- Born: 30 July 1979 (age 46) Calcutta (now Kolkata)
- Occupations: Percussionist, actor
- Parent(s): Chandrodoy Ghosh (father), Mamata Shankar (mother)
- Relatives: Uday Shankar (grandfather) Ravi Shankar (granduncle)

= Ratul Shankar =

Indian percussionist and actor

Ratul Shankar (born Ratul Shankar Ghosh) is a percussionist and actor.

== Family background ==
Ratul Shankar is the great-grandson of Shyam Shankar Chowdhury, grandson of Uday Shankar, grandnephew of renowned sitarist Ravi Shankar, and son of Mamata Shankar.
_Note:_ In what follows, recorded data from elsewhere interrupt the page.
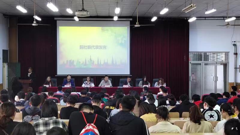 10月12日,我校学生社团大会在万人餐厅三楼多功能报告厅召开。校团委副书记张合、创新实践部部长孙晓出席会议。校院两级学生社团联合会(学生社团发展中心)学生骨干及全校学生社团代表共300余人参加了本次会议。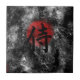 The Japanese Kanji script symbol for the word samurai against a red sun adds oriental flare to this heavily textured grunge-style artwork.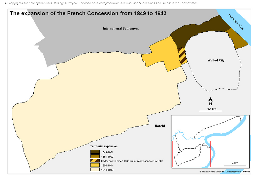 Original title : Map of the expansion of the French Concession (1849-1943)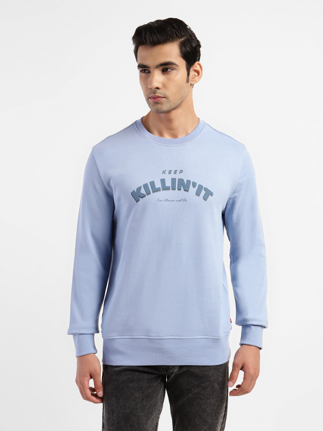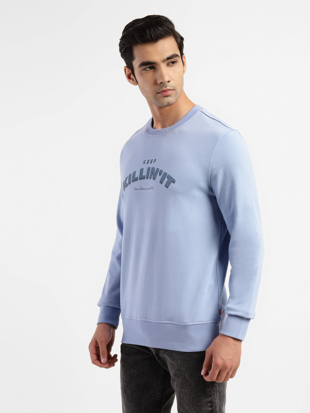 Make heads turn everywhere you go when you don the trendy Levi's®Men's Crew Neck Sweatshirt. It features a distinctive graphic pattern and is designed in a blue hue. Made from soft cotton material, this crew neck sweatshirt features full sleeves.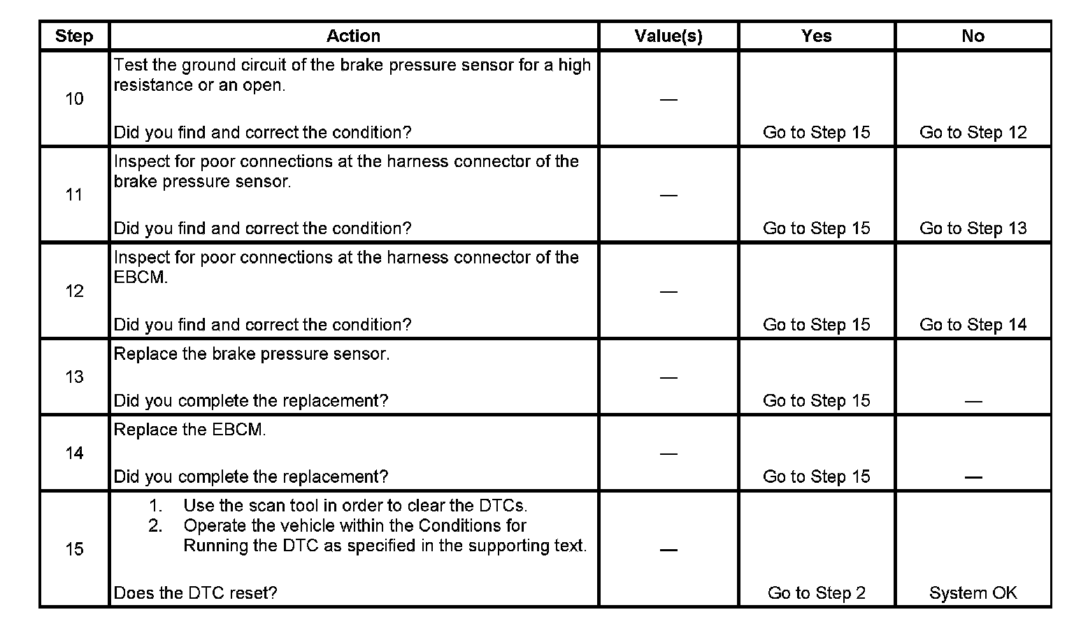 10. This step tests for a high resistance or an open in the ground circuit of the brake pressure sensor.

He is the nephew of Ananda Shankar, sitar player Anoushka Shankar, and western singer Norah Jones.

Born in the Shankar family on 30 July 1979, Ratul was exposed to the various forms of performing arts at a very young age. He has been touring with his parents Mamata Shankar and Chandrodoy Ghosh from the age of two.
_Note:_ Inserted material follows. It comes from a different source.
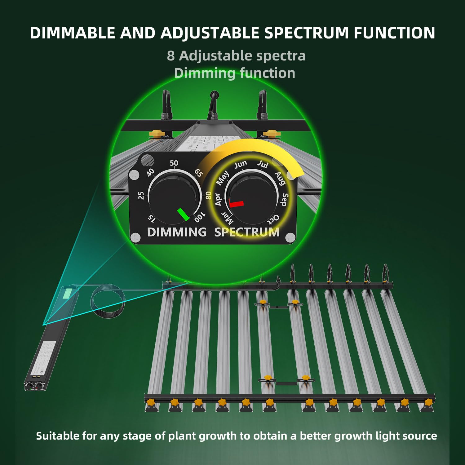 8 SPECTRUMS CAN BE ADJUSTED Mimics outdoor sunlight from March to October ,spectrum 4500-3600K plants need more blue light during the growing season and you can adjust to March-June. Plants need more red light during flowering and harvesting, you can adjust it to July-October to produce higher quality crops and greater yields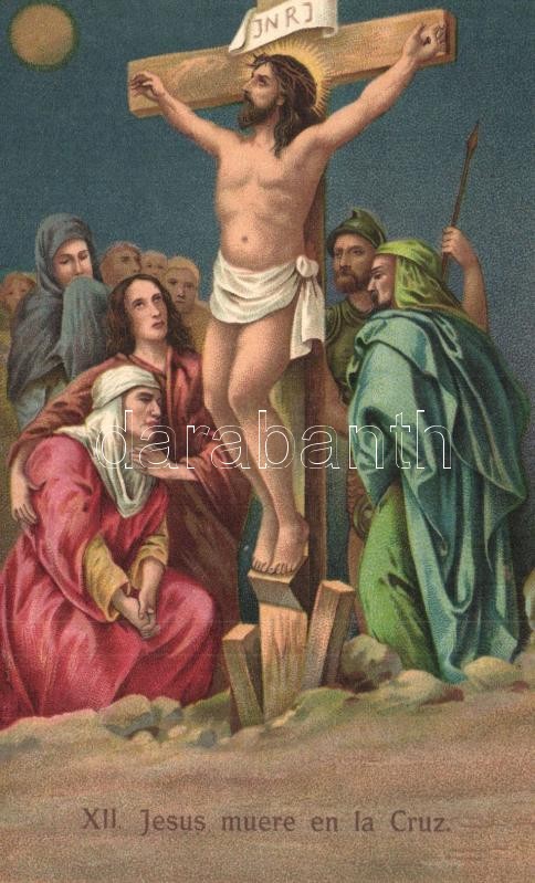 Via Crucis - 14 darabos litho képeslap sorozat Jézus keresztútjáról. Saját tokjában / Litho postcard serie with 14 postcards of Jesus's Stations of the Cross in its own case

Trained under Pt. Tanmoy Bose, Ratul has performed in his World Music Project "TAAL TANTRA" and has been performing with the project for the last 13 years. He has also been a feature of various other World Music projects.

A Major in Mass Communication and Videography from St. Xavier's College, Kolkata, Shankar made his debut in acting with Rituporno Ghosh in the National Award winning film Utsab in 2000.
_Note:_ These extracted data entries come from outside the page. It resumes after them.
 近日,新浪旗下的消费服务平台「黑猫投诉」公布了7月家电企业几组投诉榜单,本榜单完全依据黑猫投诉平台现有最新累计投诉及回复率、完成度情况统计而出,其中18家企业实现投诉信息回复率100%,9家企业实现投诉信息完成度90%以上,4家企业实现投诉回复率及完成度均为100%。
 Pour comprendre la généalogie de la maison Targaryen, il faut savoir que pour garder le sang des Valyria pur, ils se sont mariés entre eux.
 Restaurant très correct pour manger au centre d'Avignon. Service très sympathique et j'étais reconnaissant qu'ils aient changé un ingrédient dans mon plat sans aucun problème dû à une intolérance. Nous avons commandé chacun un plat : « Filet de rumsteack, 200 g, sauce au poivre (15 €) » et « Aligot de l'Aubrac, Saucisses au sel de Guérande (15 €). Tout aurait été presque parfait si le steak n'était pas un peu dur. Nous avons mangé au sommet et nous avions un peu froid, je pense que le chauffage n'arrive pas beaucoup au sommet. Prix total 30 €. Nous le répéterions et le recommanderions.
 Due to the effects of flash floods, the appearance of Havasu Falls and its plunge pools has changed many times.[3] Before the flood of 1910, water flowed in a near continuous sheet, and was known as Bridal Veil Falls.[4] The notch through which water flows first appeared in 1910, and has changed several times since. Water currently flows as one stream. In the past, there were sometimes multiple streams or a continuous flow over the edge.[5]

Shankar has cited his uncle Ananda Shankar as his greatest musical influence. While performing with "TAAL TANTRA" and other various projects, Ratul performed with the maestros such as Ustad Amjad Ali Khan, Ustad Taufique Quereshi, Selvaganesh, Pt. Tejendra Narayan Majumdar, Pt. Bickram Ghosh, Pete Lockett, Tilmann Dienhart, Niladri Kumar, Carl Peters, Ranajit Sengupta, Wolfgang Netzer, Soweto Kinch, Jesse Bannister, and Attab Hadad.

Shankar has been touring extensively with various projects scattered over the world. His main interest lies in collaborating with musicians from all over and believes in the Cultural Exchange that takes place fluently.